The field of speech recognition is moving towards developing more robust and adaptable models that can handle diverse speakers and language varieties. Recent research has focused on incorporating human-like adaptation mechanisms into spoken language models, allowing them to adjust to unfamiliar speakers and language varieties through exposure. This has led to significant improvements in automatic speech recognition (ASR) robustness across diverse speakers and language backgrounds. One key innovation is the use of discrete tokens extracted from self-supervised learning (SSL) models, which have been shown to exhibit interlanguage speech intelligibility benefits and can be used to simulate foreign accents. Additionally, novel frameworks for in-context learning and differentiable k-means clustering have been proposed, enabling the joint optimization of tokenization and downstream tasks.
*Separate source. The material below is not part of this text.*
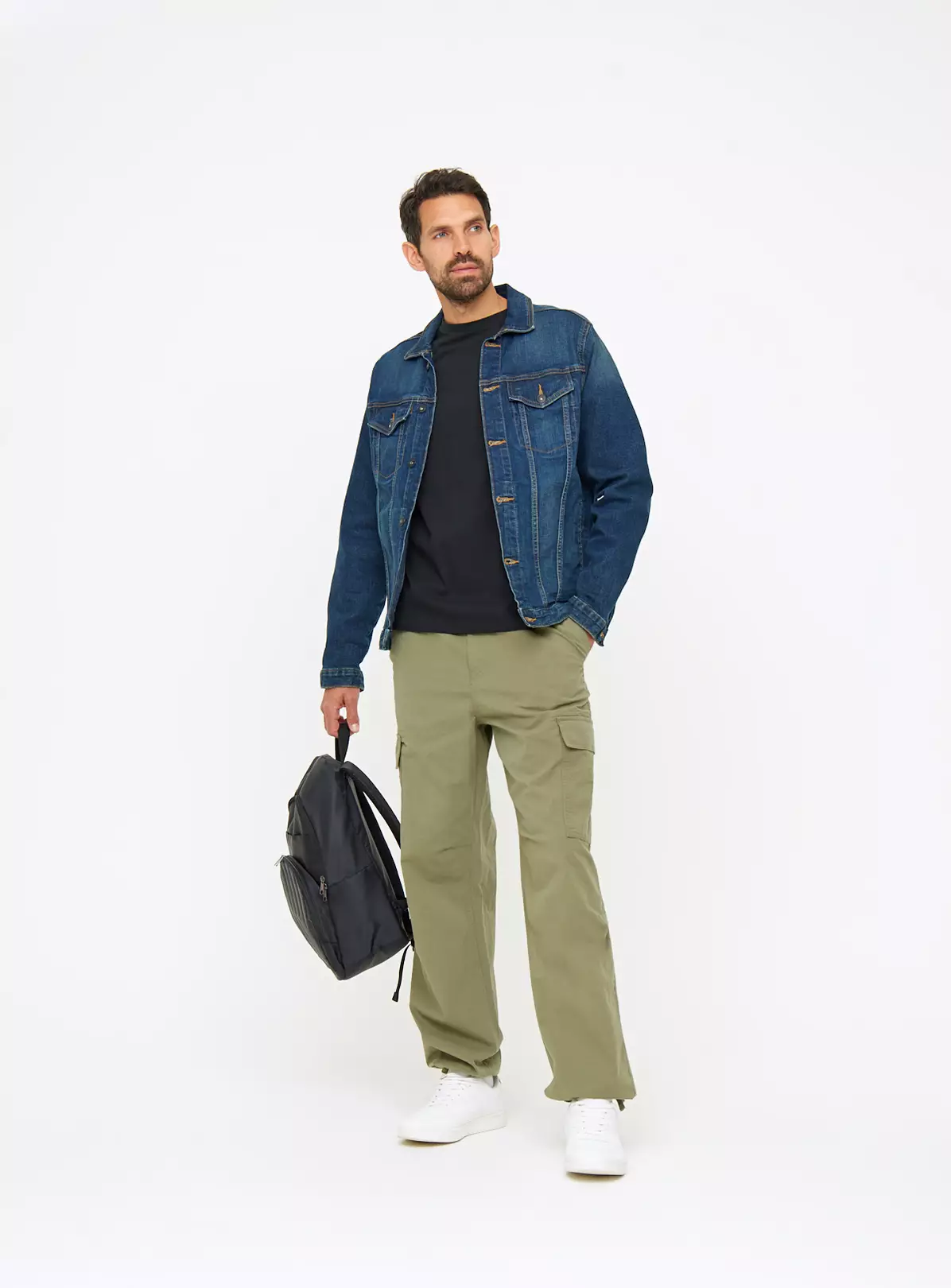 A practical and stylish option for weekend wear, our loose fit cargo trousers come in a cool khaki shade. In a straight leg, they have an elasticated waist with adjustable drawstrings. Style with a graphic tee and white trainers.

Notable papers include:
- In-Context Learning Boosts Speech Recognition via Human-like Adaptation to Speakers and Language Varieties, which introduces a scalable framework for in-context learning in speech recognition.
- Discrete Tokens Exhibit Interlanguage Speech Intelligibility Benefit, which demonstrates the robustness of discrete token-based ASR to non-native speech.
- Prosodically Enhanced Foreign Accent Simulation by Discrete Token-based Resynthesis Only with Native Speech Corpora, which proposes a method for simulating foreign accents using discrete tokens and native speech data.
- Differentiable K-means for Fully-optimized Discrete Token-based ASR, which enables the joint optimization of tokenization and downstream tasks using differentiable k-means clustering.